Mark J. Levis, MD, PhD: So we’ve been wrestling with that a fair amount. Obviously, we know that a FLT3 mutation, you don’t respond as well or you don’t respond for as long with an HMA /VEN combination. However, we’ve already just spent all this time talking about the myelosuppression with AZA [azacitidine]/VEN, and it’s real.
FLT3 is important for normal marrow to reconstitute. That multipotent progenitor cell has FLT3 on it; it wants to regenerate all those nice neutrophils and start that process. You inhibit FLT3, you are going to impair that. And when we combined gilteritinib with venetoclax, we saw some profound aplasias.
So what we do at my institution is a little bit different. We will pop the patient into remission with AZA/VEN if they have a FLT3, and then we actually sequence with AZA/GILT, and then we go back to AZA/VEN.
I don’t like using that triplet. I recognize that’s a great interest. A lot of people say, “Of course; it’s perfectly safe to do.” That hasn’t been quite our experience with the profound aplasias. So that’s been our approach; I don’t know the answer.
Harry Paul Erba, MD, PhD: Yeah, I agree with you, Mark. The triplet can be very myelosuppressive. I’ve had experiences where I gave the AZA/VEN. I clear an IDH clone only to be left with a FLT3 clone, and then give gilteritinib [GILT] and kind of had an almost bounce between the 2 regimens because it’s hard to give them at the same time.
Mark J. Levis, MD, PhD: Yeah, so we’ve been sequencing AZA, AZA/VEN, AZA/GILT.
Harry Paul Erba, MD, PhD: So, before we leave this combination, any final thoughts about HMA/VEN that you want to bring up? Any of you.
Gail J. Roboz, MD: Yeah, I would think that a cautionary tale is to not sound like we want to be advocating tons of mixing and matching. Because I think that it’s really hard to do sometimes, and I think that we are a victim a bit of our own success in having a lot of these drugs available. And I worry, actually, that it’s going to be very hard to learn what to sequence and how to change these doses and schedule if everybody kind of makes it up. And I philosophize about this a little bit because I’m not sure what the right answer is.

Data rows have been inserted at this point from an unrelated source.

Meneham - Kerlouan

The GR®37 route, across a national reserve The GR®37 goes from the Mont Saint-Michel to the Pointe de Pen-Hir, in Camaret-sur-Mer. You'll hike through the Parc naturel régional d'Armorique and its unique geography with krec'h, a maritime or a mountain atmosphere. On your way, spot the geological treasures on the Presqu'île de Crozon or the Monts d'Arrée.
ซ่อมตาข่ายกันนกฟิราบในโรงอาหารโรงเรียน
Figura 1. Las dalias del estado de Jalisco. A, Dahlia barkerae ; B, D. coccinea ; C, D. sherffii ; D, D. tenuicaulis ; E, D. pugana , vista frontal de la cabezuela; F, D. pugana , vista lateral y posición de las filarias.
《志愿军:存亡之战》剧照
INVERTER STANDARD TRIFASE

We’re in the middle of COVID-19 [coronavirus disease 2019]. People can’t get to centers. You want to try to do things that make sense. You have a smattering of data from here and there. So I understand that, and I do that, too. But at the same point, I think it’s going to actually be very difficult for us to answer the fundamental questions of which triplet? And is it an IDH inhibitor up front, or is it venetoclax up front? Or are you doing, are you alternating between them, or is 1 of the agents to be continued indefinitely? It’s really hard to answer this if we don’t do some studies.
Harry Paul Erba, MD, PhD: Gail, I’m going to come back to you when we get to the IDH inhibitors for that very thought about the triplet combination there. Dan, I think you wanted to ask something.

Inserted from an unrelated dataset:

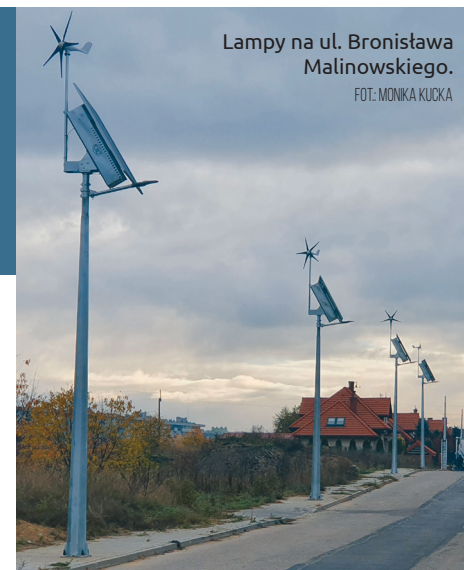
Lampy na ul. Bronistawa Malinowskiego.

Daniel Pollyea, MD, MS: Yeah. I mean, it actually dovetails nicely with what Gail said. I mean, something you said earlier. You know: Pay attention to that plateau curve at the end, and let’s dig into who those patients are and how, what had made them be able to have this very long-term remission. And let’s learn about who those people are, and if they are people whose disease is being driven by a FLT-3 mutation, then let’s add a FLT.

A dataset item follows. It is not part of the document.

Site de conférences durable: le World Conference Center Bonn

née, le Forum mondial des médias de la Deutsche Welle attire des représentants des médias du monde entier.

If they are not the patients with a FLT3 mutation, then those are patients we should probably be leaving alone. And so understanding who those patients are and leaving them alone and giving them this very potent and reasonably well-tolerated, reliable therapy is the way to go. And then learning who the patients are who aren’t staying in these long long-term remissions and doing something like what Mark said makes a lot of sense to me. You know, sort of alternating therapies and sort of pushing on 1 clone versus another to try to prolong the remission. But like Gail said, I mean, I would really discourage us throwing everything in at the beginning because you can see, there’s 20%, maybe 30%, of patients for whom that will only represent overtreatment and excess toxicity.
Harry Paul Erba, MD, PhD: Dan, that dovetails into the question I wanted to ask you. You presented previously data from the HMA/VEN combination with clearance of leukemic stem cells. So my question for you is: Is there any data from any of the venetoclax data that a deeper remission, an MRD [minimum residual disease]-negative CR [complete response], means anything more than an MRD-positive CR? Is there any difference in survival that we know of between those two qualitatively different CRs?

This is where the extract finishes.